BOUNDARY EFFECTS IN CNNS: FEATURE OR BUG?

Abstract

Recent studies have shown that the addition of zero padding drives convolutional neural networks (CNNs) to encode a significant amount of absolute position information in their internal representations, while a lack of padding precludes position encoding. Additionally, various studies have used image patches on background canvases (e.g., to accommodate that inputs to CNNs must be rectangular) without consideration that different backgrounds may contain varying levels of position information according to their color. These studies give rise to deeper questions about the role of boundary information in CNNs, that are explored in this paper: (i) What boundary heuristics (e.g., padding type, canvas color) enable optimal encoding of absolute position information for a particular downstream task?; (ii) Where in the latent representations do boundary effects destroy semantic and location information?; (iii) Does encoding position information affect the learning of semantic representations?; (iv) Does encoding position information always improve performance?

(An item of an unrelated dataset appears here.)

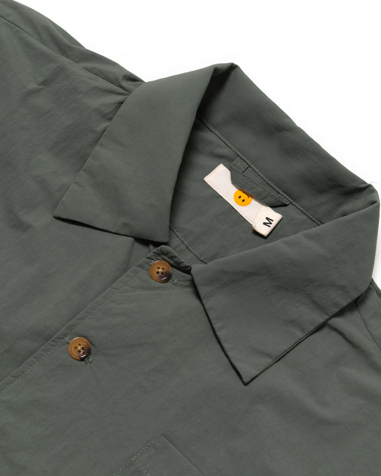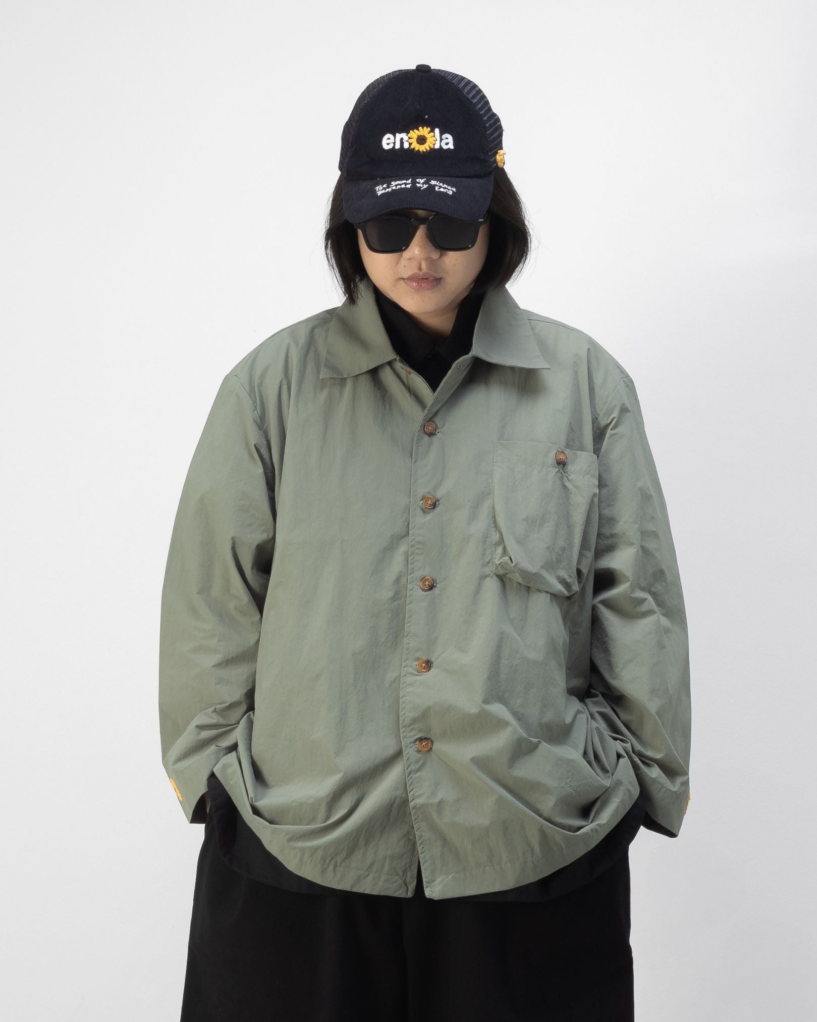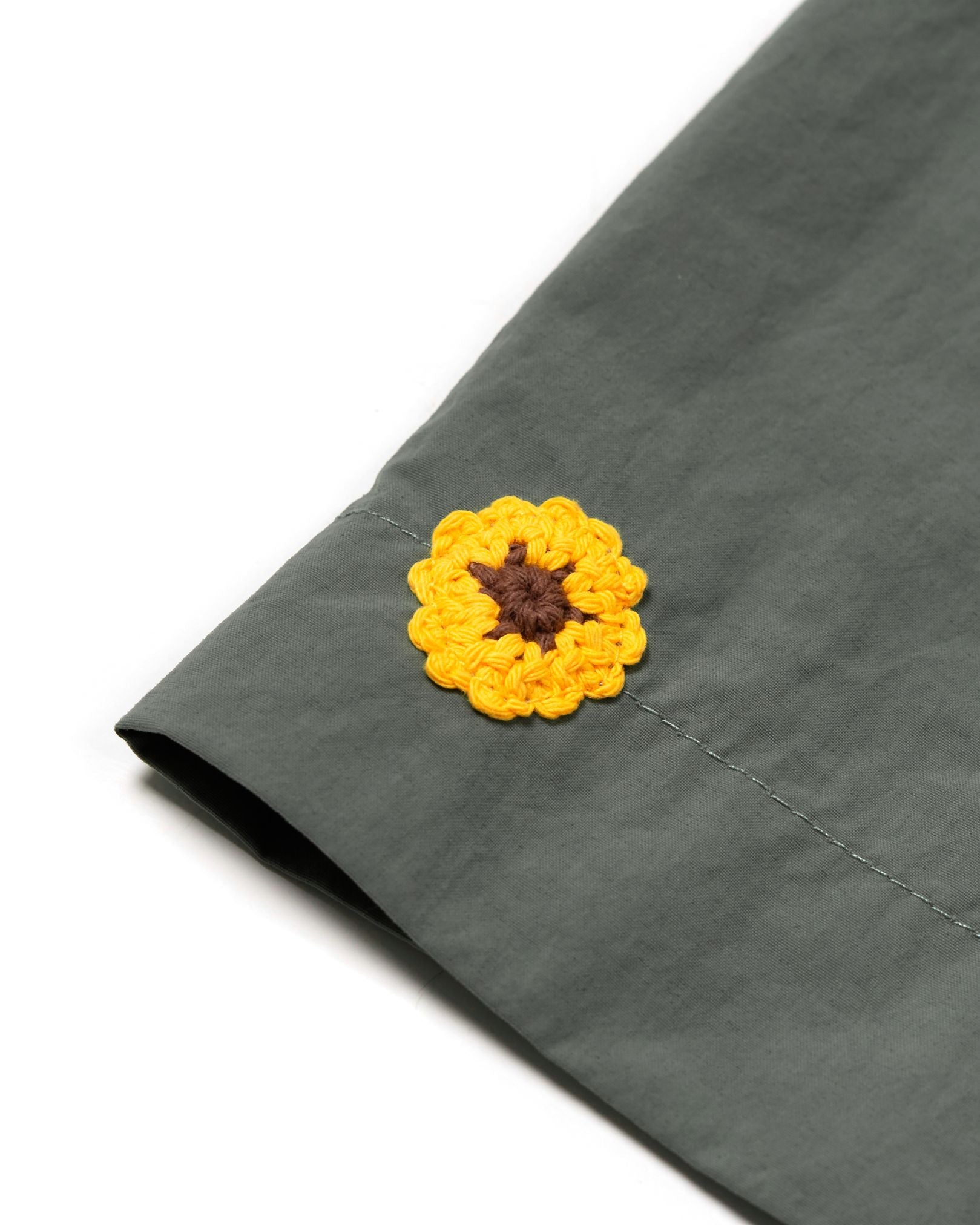 The Saba Overshirt Gray/Green is a lightweight, breathable everyday layer designed for daily rotation, perfect for relaxed casual wear and easy styling. Cut in OAT’s boxy oversized fit with a straight point collar and half-moon back yoke, it offers a relaxed silhouette with subtle structure. Made from polyamide, the fabric feels airy and dependable for all-day comfort. Functional details include a chest pocket with button closure and yellow 3D OAT ‘Sunflower’ crochet embroidery on both lower sleeves—perfect for adding quiet crafted character to everyday outfits.

To provide answers to these questions, we perform the largest case study to date on the role that padding and border heuristics play in CNNs. We first show that zero padding injects optimal position information into CNNs relative to other common padding types. We then design a series of novel tasks which allow us to accurately quantify boundary effects as a function of the distance to the border. A number of semantic objectives reveal the destructive effect of dealing with the border on semantic representations. Further, we demonstrate that the encoding of position information improves separability of learned semantic features. Finally, we demonstrate the implications of these findings on a number of real-world tasks to show that position information can act as a feature or a bug.

1. INTRODUCTION

One of the main intuitions behind the success of CNNs for visual tasks such as image classification (Krizhevsky et al., 2012; Simonyan & Zisserman, 2015; Szegedy et al., 2015; Huang et al., 2017 ), video classification (Karpathy et al., 2014; Yue-Hei Ng et al., 2015; Carreira & Zisserman, 2017) , object detection (Ren et al., 2015; Redmon et al., 2016; He et al., 2017) , generative image models (Brock et al., 2018) , and semantic segmentation (Long et al., 2015; Noh et al., 2015; Chen et al., 2017; 2018) , is that convolutions add a visual inductive bias to neural networks that objects can appear anywhere in the image. To accommodate the finite domain of images, manual heuristics (e.g., padding) have been applied to allow the convolutional kernel's support to extend beyond the border of an image and reduce the impact of the boundary effects (Wohlberg & Rodriguez, 2017; Tang et al., 2018; Liu et al., 2018a; Innamorati et al., 2019; Liu et al., 2018b) . Recent studies (Pérez et al., 2019; Islam et al., 2020; Kayhan & Gemert, 2020) have shown that zero padding allows CNNs to encode absolute position information despite the presence of pooling layers in their architecture (e.g., global average pooling). In our work, we argue that the relationship between boundary effects and absolute position information extends beyond zero padding and has major implications in a CNN's ability to encode confident and accurate semantic representations (see Fig. 1 ). An unexplored area related to boundary effects is the use of canvases (i.e., backgrounds) with image patches (see Fig. 1 , top row). When using image patches in a deep learning pipeline involving CNNs, the user is required to paste the patch onto a background due to the constraint that the image must be rectangular. Canvases have been used in a wide variety of domains, such as image generation (Gregor et al., 2015; Huang et al., 2019) , data augmentation (DeVries & Taylor, 2017), image inpainting (Demir & Unal, 2018; Yu et al., 2018) , and interpretable AI (Geirhos et al., 2018; Esser et al., 2020) . To the best of our knowledge, this paper contains the first analysis done on canvas value selection.